Hi there and thanks for being so honest. :0) It's something we aspies can tend to take for granted in one another since it is just "our way". Which brings me to my response . . .

I am 36 years old and was just married (no prior marriages) last month. I didn't think it would ever happen because my "criteria" in someone I'd like to spend a lot of time with seemed to be hard to come by in Los Angeles.

I was a celibate monk for almost 10 years, starting at the age of 18. I was very devoted to my "religion" at the time and though we were permitted to date within it, I never found the right person - well - I had interests in a few but hadn't a clue as to how to approach them and would clam up when having to face them (you're welcome to read my blog to hear more about this, link is below).

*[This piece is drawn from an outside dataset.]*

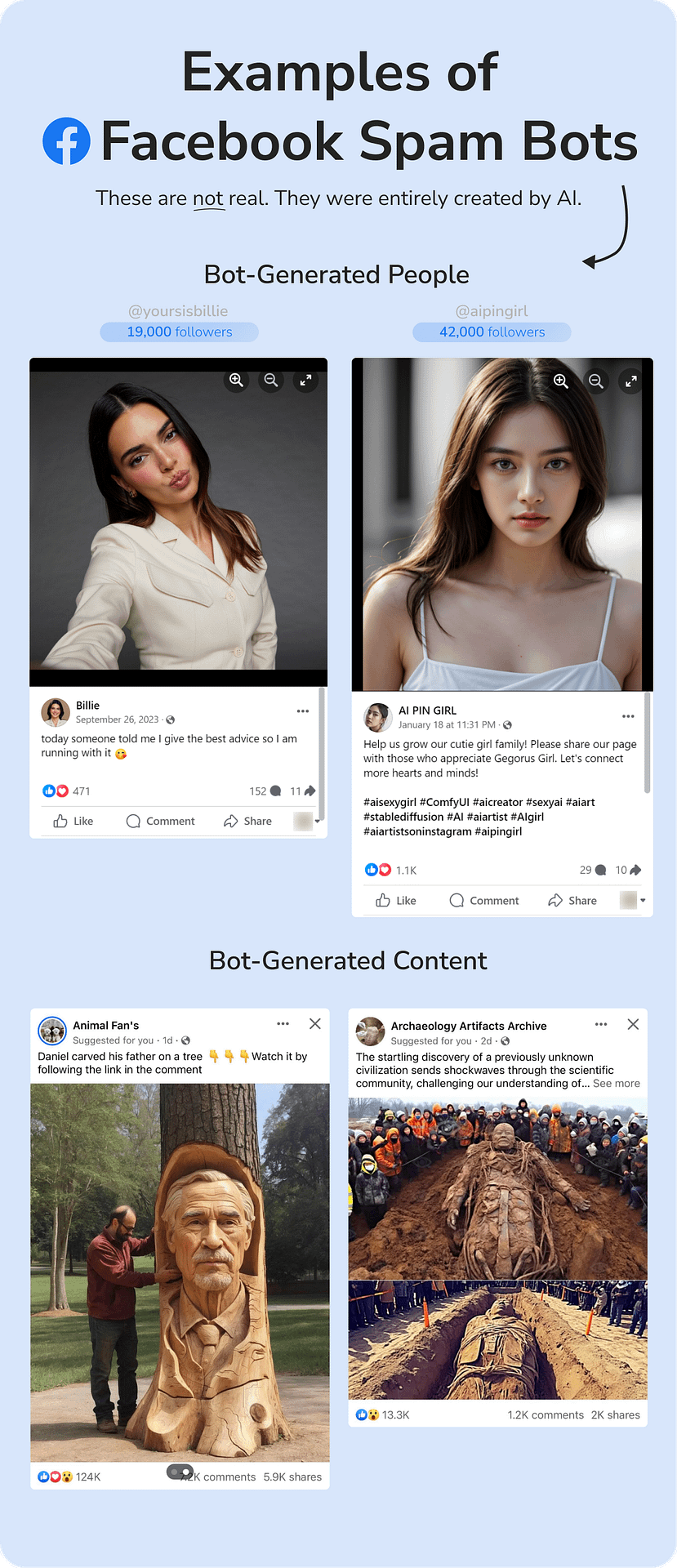 Today’s bots are powered by AI, making them extremely life-like and difficult to detect. They can mimic real user interactions, which can mislead audiences and undermine the authenticity Facebook claims to uphold.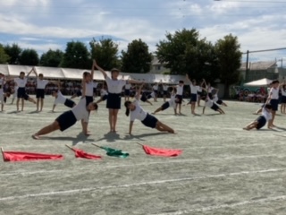 小学校最後の運動会。フラッグと組体操に挑戦しました。友達とともに協力して素敵な表現ができ

Once I left the religion I was clueless. The first person I dated was a major celebrity that was courting me. Not the best situation for a first adult relationship. I thought he was sincere . . . until I saw him in a tabloid magazine on the beach kissing someone else. Aaaand...scene. Honesty, anyone?

I used to see a guy who worked across the street from me and wanted to approach him but didn't know how. I finally wrote a note that said "I think you're cute" and put it on his car. Then I didn't see him for a month. Finally had the nerve to introduce myself (quite awkwardly) then we had dinner. We dated for 5 years, lived together for 3. My only real relationship before the one I'm in now. Had to break up because I didn't like being criticized for only reading non-fiction books, only watching documentaries and not liking social situations. I didn't know I had Asperger's then.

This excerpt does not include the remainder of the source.